> **Work item**
From the listing that follows, reproduce only the lines from the one holding "Описание Предназначены для" through the one holding "stoffen en kleuren", both included, with no pictures.
___ Source records ___
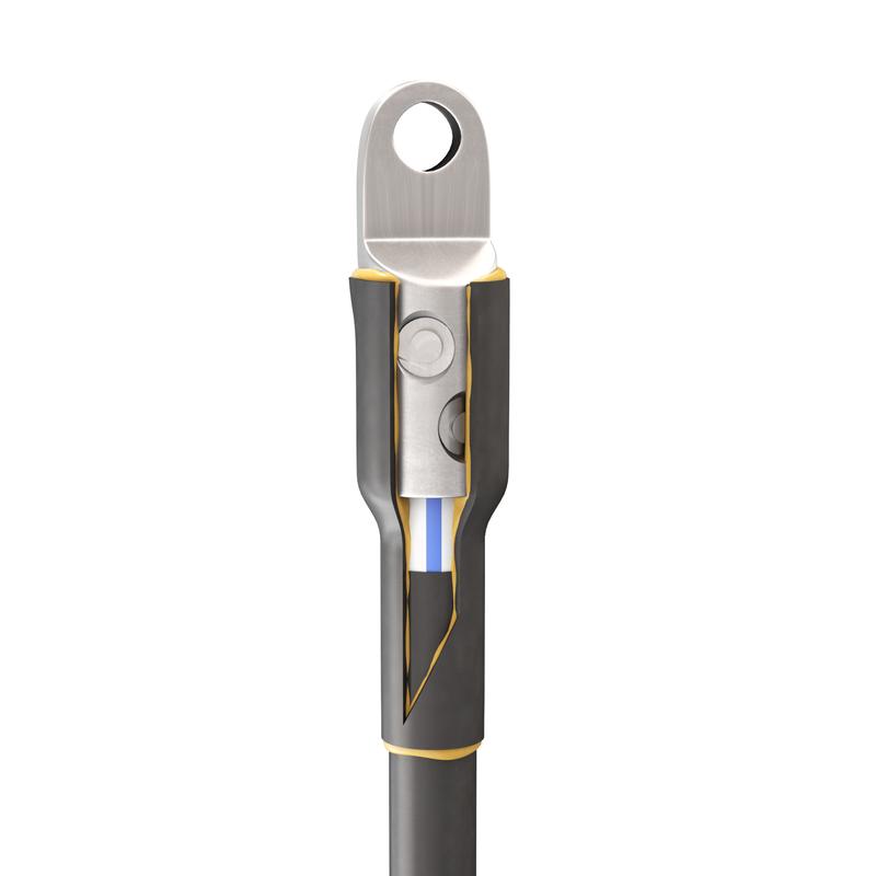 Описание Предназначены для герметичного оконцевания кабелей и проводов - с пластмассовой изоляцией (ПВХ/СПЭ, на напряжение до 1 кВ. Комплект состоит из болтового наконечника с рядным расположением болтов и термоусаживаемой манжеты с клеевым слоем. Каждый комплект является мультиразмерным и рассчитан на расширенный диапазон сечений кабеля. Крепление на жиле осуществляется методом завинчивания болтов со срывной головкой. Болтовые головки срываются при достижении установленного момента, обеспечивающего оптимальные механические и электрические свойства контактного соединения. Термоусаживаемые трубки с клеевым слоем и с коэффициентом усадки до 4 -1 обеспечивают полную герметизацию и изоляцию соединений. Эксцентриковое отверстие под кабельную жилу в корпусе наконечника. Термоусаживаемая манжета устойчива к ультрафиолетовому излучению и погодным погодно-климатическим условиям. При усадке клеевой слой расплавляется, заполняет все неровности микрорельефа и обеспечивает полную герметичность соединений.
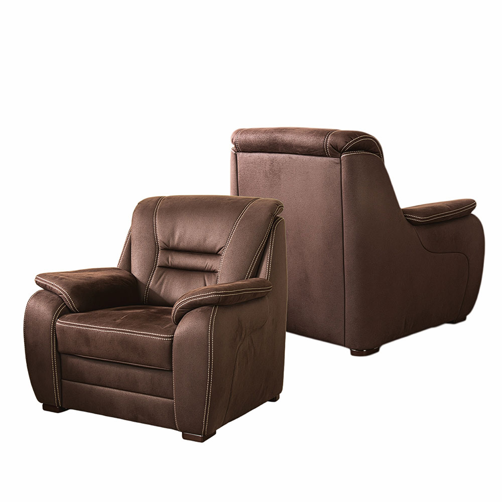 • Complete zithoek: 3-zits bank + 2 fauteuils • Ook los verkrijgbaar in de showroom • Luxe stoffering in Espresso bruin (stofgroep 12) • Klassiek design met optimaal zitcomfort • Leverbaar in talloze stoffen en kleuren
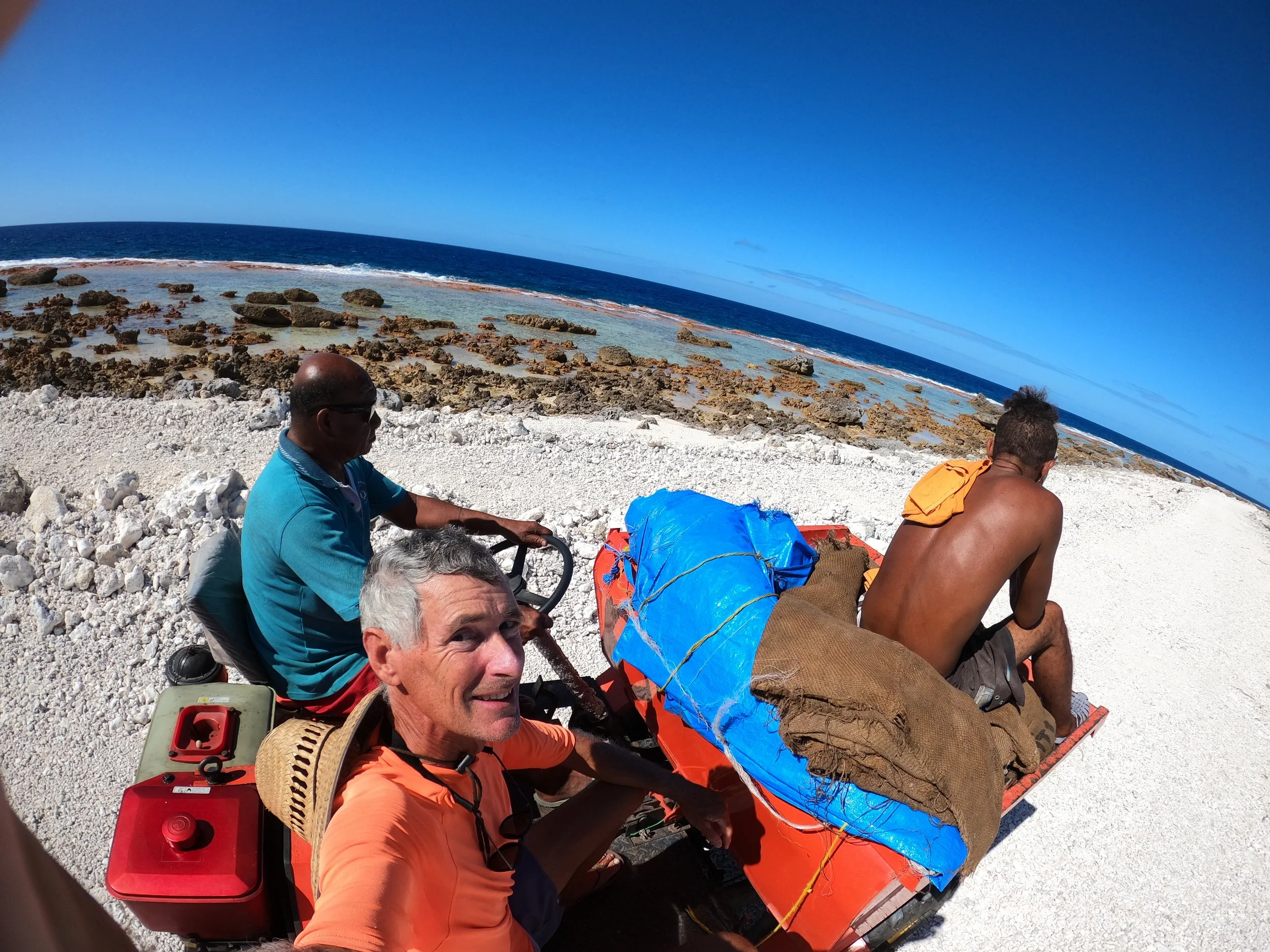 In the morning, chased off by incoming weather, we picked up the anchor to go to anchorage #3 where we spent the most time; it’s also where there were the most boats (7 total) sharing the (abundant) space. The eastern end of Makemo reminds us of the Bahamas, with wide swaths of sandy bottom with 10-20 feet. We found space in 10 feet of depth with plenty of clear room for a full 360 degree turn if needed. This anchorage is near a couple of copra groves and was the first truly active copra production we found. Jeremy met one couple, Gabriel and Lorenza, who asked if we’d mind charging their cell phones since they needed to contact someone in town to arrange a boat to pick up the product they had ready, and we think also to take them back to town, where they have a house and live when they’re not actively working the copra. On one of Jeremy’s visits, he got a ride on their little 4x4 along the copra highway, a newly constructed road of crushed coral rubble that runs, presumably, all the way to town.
___
___ Source records ___
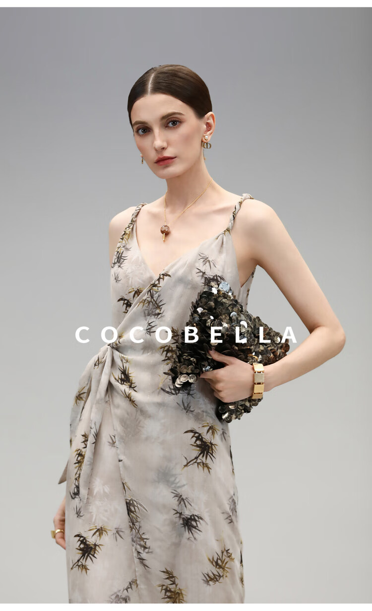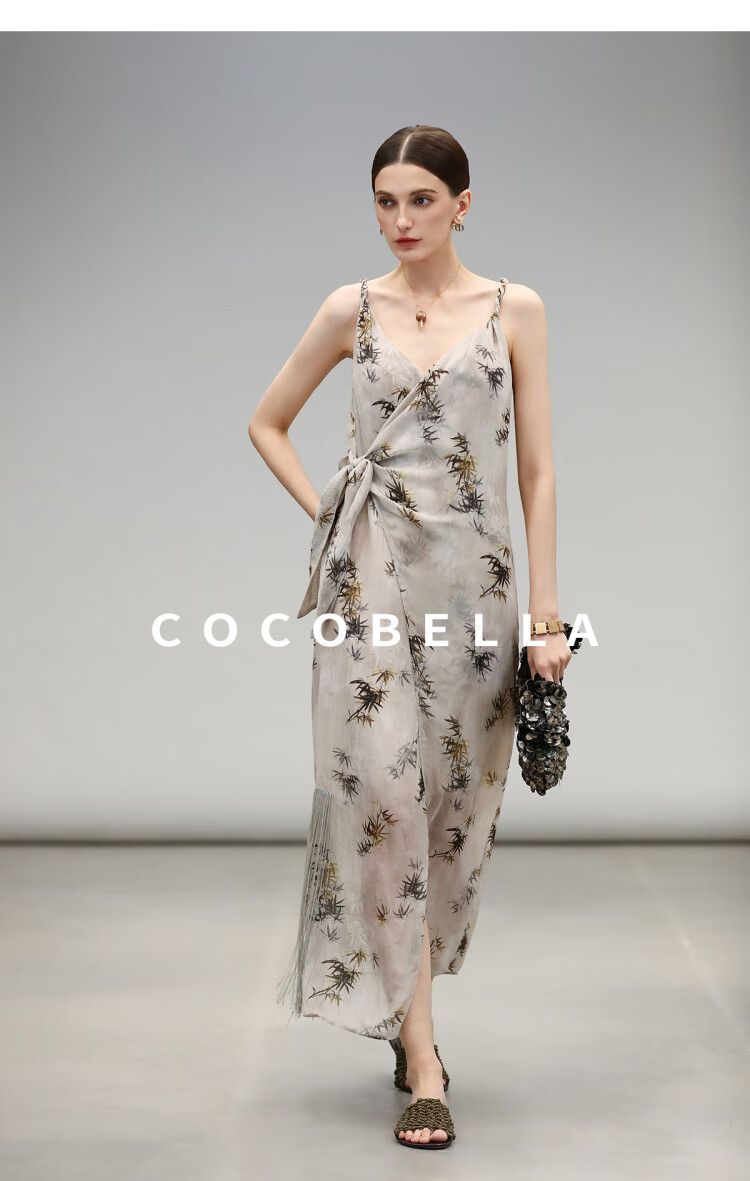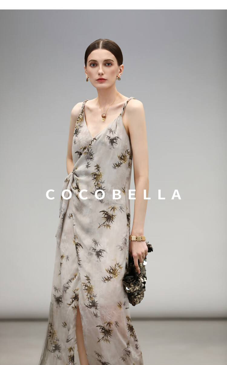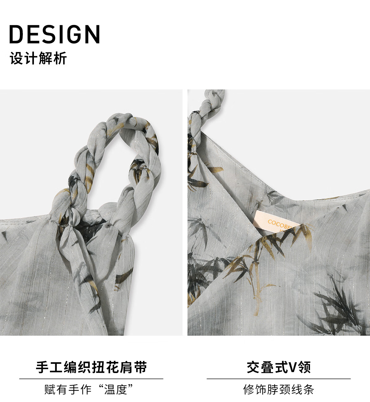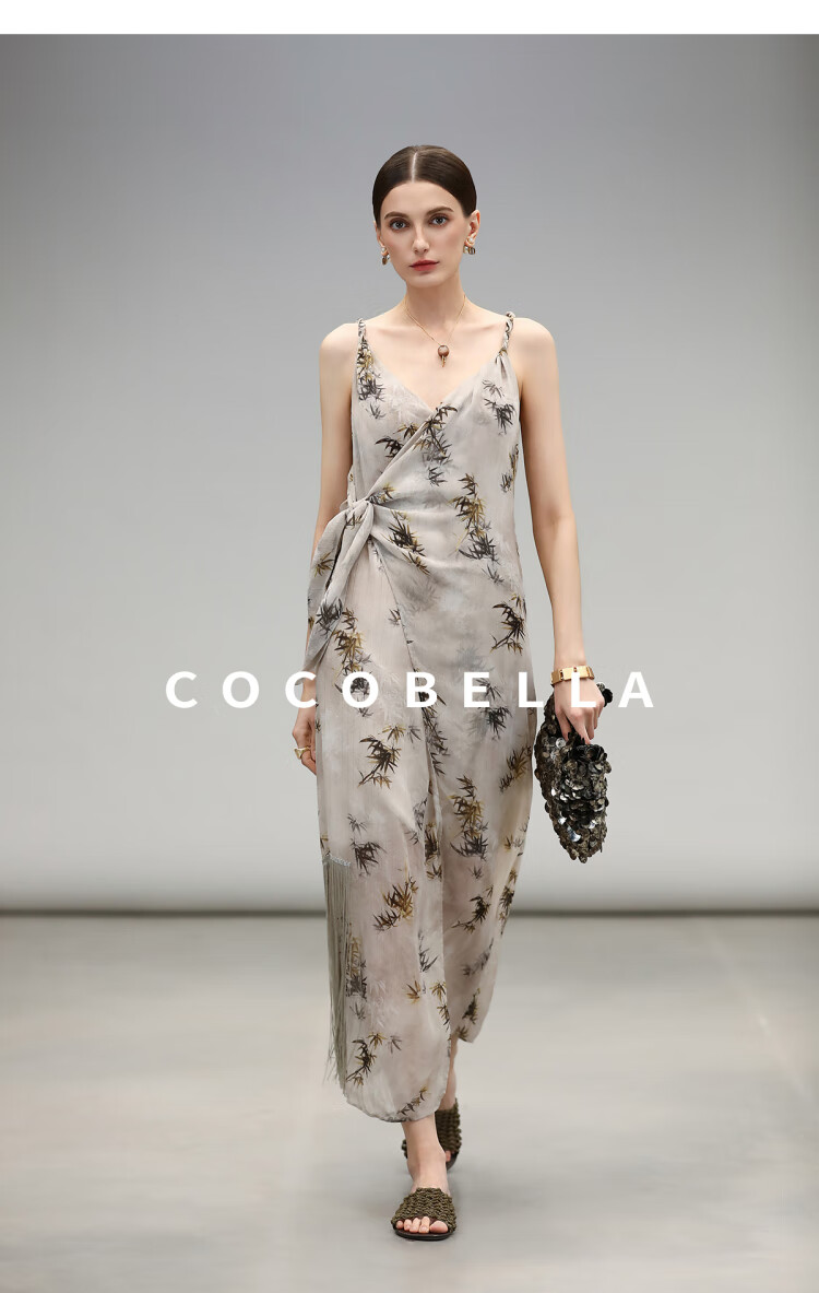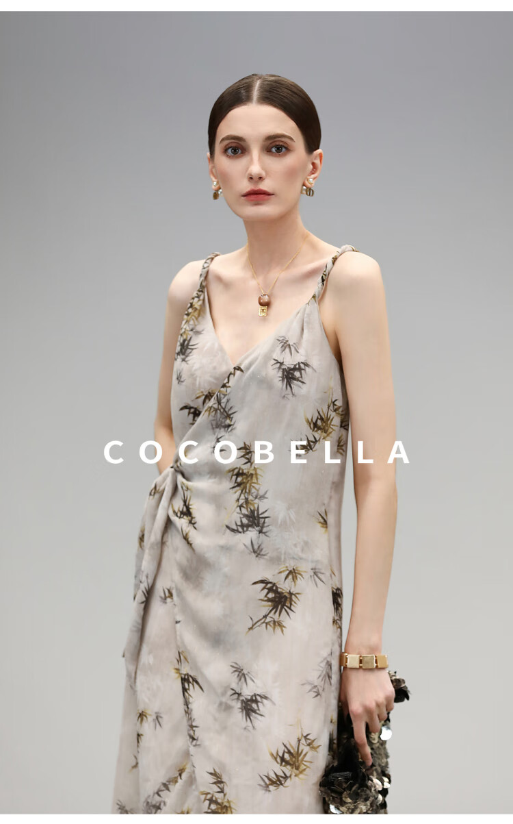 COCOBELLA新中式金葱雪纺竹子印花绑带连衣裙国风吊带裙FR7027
___
> **Answer for the task**
 Описание Предназначены для герметичного оконцевания кабелей и проводов - с пластмассовой изоляцией (ПВХ/СПЭ, на напряжение до 1 кВ. Комплект состоит из болтового наконечника с рядным расположением болтов и термоусаживаемой манжеты с клеевым слоем. Каждый комплект является мультиразмерным и рассчитан на расширенный диапазон сечений кабеля. Крепление на жиле осуществляется методом завинчивания болтов со срывной головкой. Болтовые головки срываются при достижении установленного момента, обеспечивающего оптимальные механические и электрические свойства контактного соединения. Термоусаживаемые трубки с клеевым слоем и с коэффициентом усадки до 4 -1 обеспечивают полную герметизацию и изоляцию соединений. Эксцентриковое отверстие под кабельную жилу в корпусе наконечника. Термоусаживаемая манжета устойчива к ультрафиолетовому излучению и погодным погодно-климатическим условиям. При усадке клеевой слой расплавляется, заполняет все неровности микрорельефа и обеспечивает полную герметичность соединений.
 • Complete zithoek: 3-zits bank + 2 fauteuils • Ook los verkrijgbaar in de showroom • Luxe stoffering in Espresso bruin (stofgroep 12) • Klassiek design met optimaal zitcomfort • Leverbaar in talloze stoffen en kleuren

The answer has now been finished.